We consider original, previously unpublished poetry. Please send no more than four poems at a time to email@example.com. Write “poetry submission” in the subject field and paste your submission in the body of the email. Attachments will be deleted unopened. We will do our best to respond in a prompt manner, usually no more than eight weeks.
Please send a brief bio and a description of your work to firstname.lastname@example.org. Write “visual art” in the subject line. Do not send samples of your work until you hear from us.
Meeting House acquires exclusive first-time Internet rights for all works it publishes. All web content is archived. All other rights, including the right to publish in print form, revert to contributors.
By submitting your original work to Meeting House, you verify that you have read the guidelines on this page. By publishing your original work with Meeting House, you acknowledge that you understand and agree to Meeting House’s terms of publication.

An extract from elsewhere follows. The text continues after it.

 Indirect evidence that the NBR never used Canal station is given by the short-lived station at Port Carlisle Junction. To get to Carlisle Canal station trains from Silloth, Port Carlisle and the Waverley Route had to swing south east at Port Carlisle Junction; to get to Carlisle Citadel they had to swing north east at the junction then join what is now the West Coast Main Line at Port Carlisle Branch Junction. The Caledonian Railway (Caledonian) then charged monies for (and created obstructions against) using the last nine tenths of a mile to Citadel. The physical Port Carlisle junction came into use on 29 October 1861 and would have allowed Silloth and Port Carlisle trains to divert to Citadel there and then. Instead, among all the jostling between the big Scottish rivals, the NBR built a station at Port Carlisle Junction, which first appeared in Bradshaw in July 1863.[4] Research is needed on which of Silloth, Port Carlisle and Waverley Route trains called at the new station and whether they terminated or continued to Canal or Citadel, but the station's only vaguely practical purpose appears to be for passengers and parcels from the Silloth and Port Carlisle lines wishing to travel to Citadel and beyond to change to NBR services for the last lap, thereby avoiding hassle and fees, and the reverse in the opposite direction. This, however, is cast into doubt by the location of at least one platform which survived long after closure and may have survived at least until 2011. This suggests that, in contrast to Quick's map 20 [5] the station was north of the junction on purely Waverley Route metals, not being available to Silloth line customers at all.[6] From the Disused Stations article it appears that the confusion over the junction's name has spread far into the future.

Readers of Meeting House have sorely missed this delightful journal of literature. I was introduced to the site by a neighbor who had moved to my Baltimore neighborhood from Maine. My New England neighbors stayed only a year before they moved abroad. I believe I repaid their recommendation with a different recommendation of my own considering the effusive thank you email I received six months later. They were looking for a moving company in Maryland that could handle an international move. I suggested Von Paris Moving & Storage which is a well regarded moving company right here in Baltimore. Their email said that Von Paris couldn't have been more helpful on their complicated move. I think its a no brainer to recognize that international relocations take a great deal of time and effort to coordinate and often require two to three months or more of preparation and planning for that overseas move. Well apparently their move was not a nightmare and they were now living in Great Britain. We both commiserated over the demise of the Meeting House journal, but felt we were lucky to have nejoyed it anyway for several years. The content above is a nostalgic reminder.